# Fitting a top box to a b644



## devjb (Dec 16, 2010)

Hello all,

I have a large topbox which i attach to the roof rack on my car. The topbox is attached via U shaped mounts that fasten around the roof bars and are tighten inside the box.

My question is how can I use this topbox on our old 1994 Hymer. Does anyone make (cheap) horizontal roof bars and how do they fasten to the Hymers' roof. Do they clamp around the aluminium edge seals, or are they bonded (sikkafkex?) to the flat roof. 

I don't need a rear ladder, as i prefer removable telescopic extending ladder to gain access to the roof. 

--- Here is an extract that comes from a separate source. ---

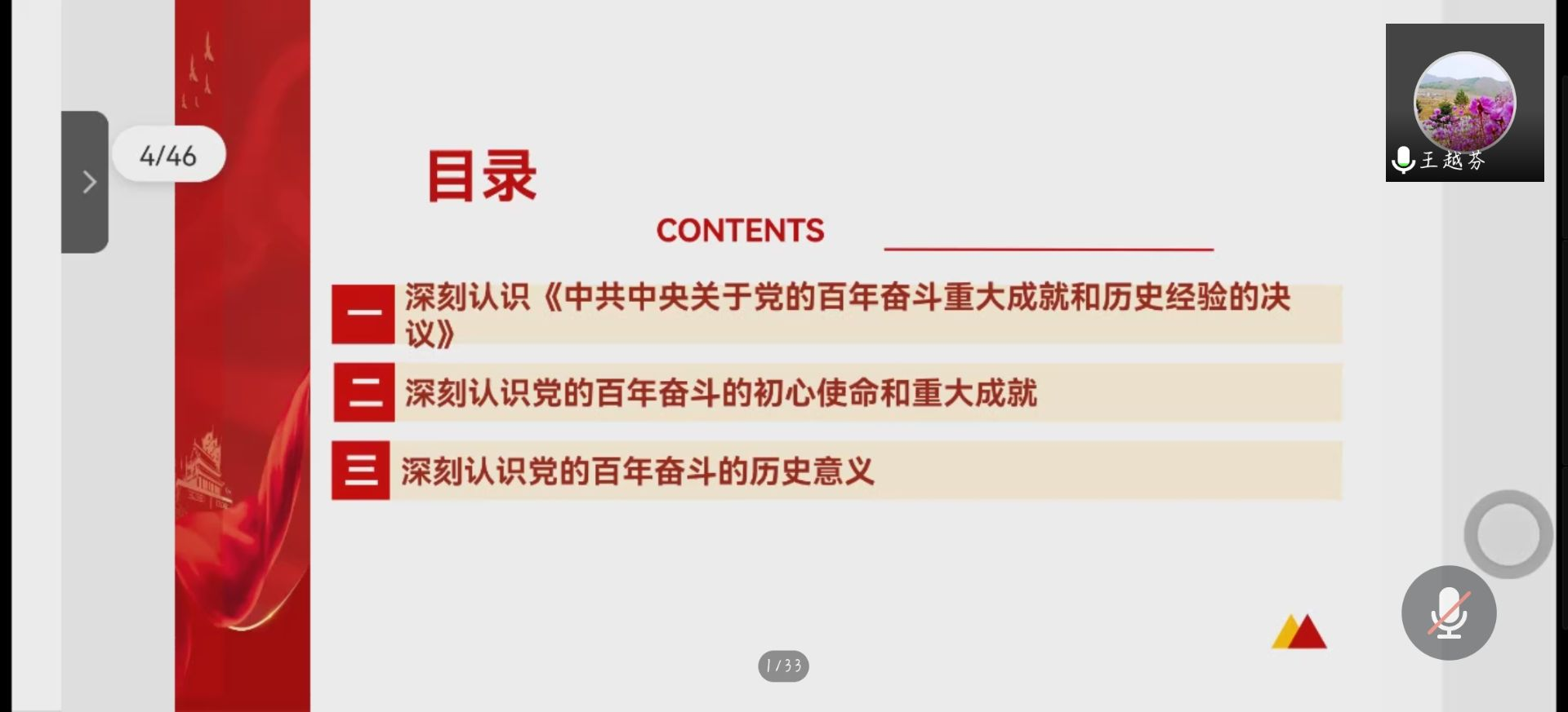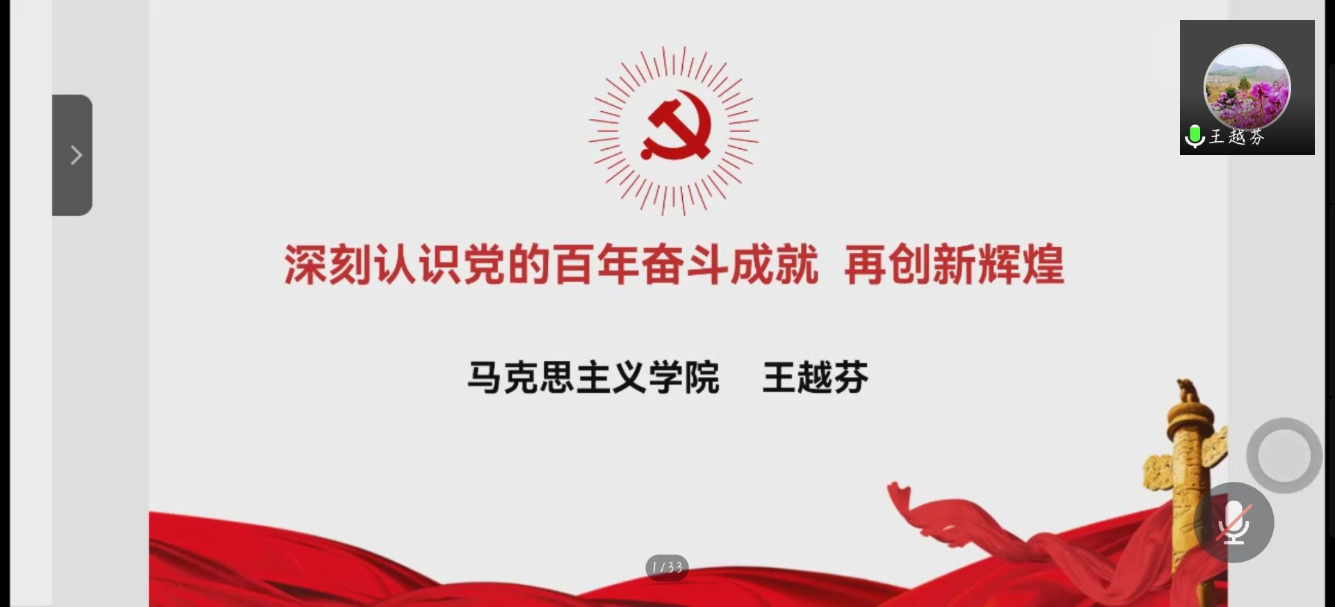 2021年12月17日,以材料团委全体成员、各团支部书记、副书记、组织委员及宣传委员为代表的团员们参加了由马克思主义学院王越芬老师讲授的以《深刻认识党的百年奋斗成就,再创新辉煌》为主题的讲座。在本次集中学习过程中,王越芬老师从以下三个方面为我们讲授了中国共产党第十九届中央委员会第六次全体会议精神。
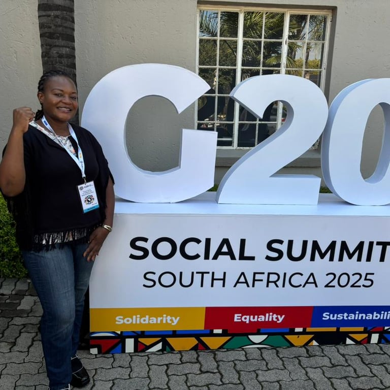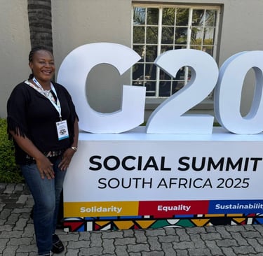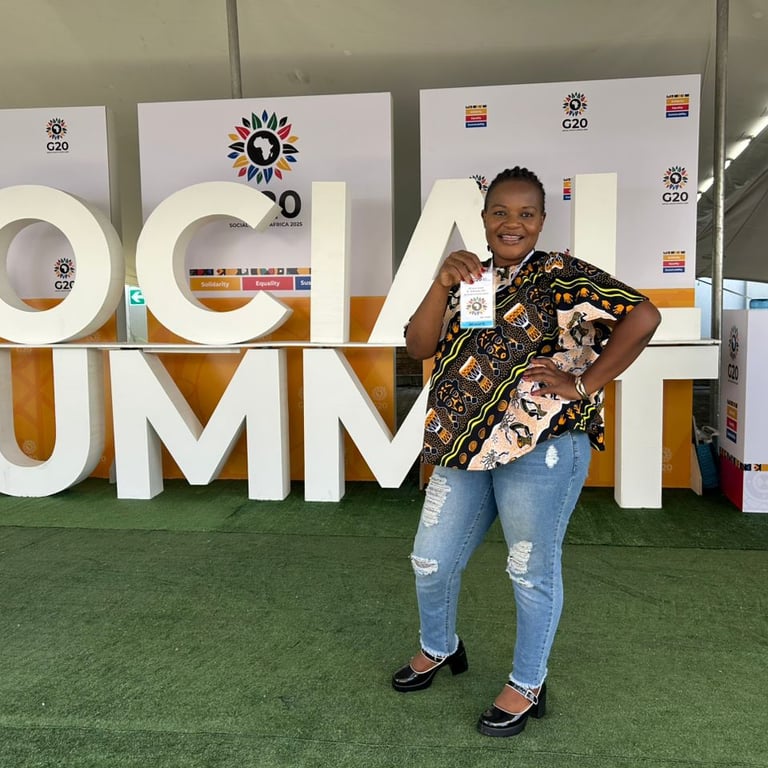 Youth Impact Organization’s Executive Director, Belinda Somanje Chimombo, is in South Africa attending the G20 Social Summit, taking place from 18–20 November in Ekurhuleni, Gauteng. The international gathering brings together civil society leaders, governments, and global partners under the theme “Solidarity, Equality, Sustainability.”

Any advice gratefully received

Thanks

John


----------



## wheeltrim (Nov 30, 2007)

Hi John,
I also have a 644 and needed to fit a top box;With limited space due to solars and vents I had some made to my measurements at the local blacksmith/engineer.He used lightweight non-slip plate as feet because they have a good surface to "key" to the bonding agent,Sikaflex in this case as I didn't want to drill the roof!!He made the rails from square tube,they have been on the roof for 3 years,no problems so far.Total cost £45,a job well done!!Hope this useful to you.

Regards,
Alan.


----------



## devjb (Dec 16, 2010)

Alan,

Many thanks for the swift reply. That sounds ideal. I don't like the idea of clamping roof bars to the edge strips. I have an old set of roof bars off a Nissan Xtrail that bolted down to flat plates on the car roof. Maybe i can just get some flat mounts made, to accept these. Never having used Sikaflex, is good to know it is upto the job.

Thanks

John


----------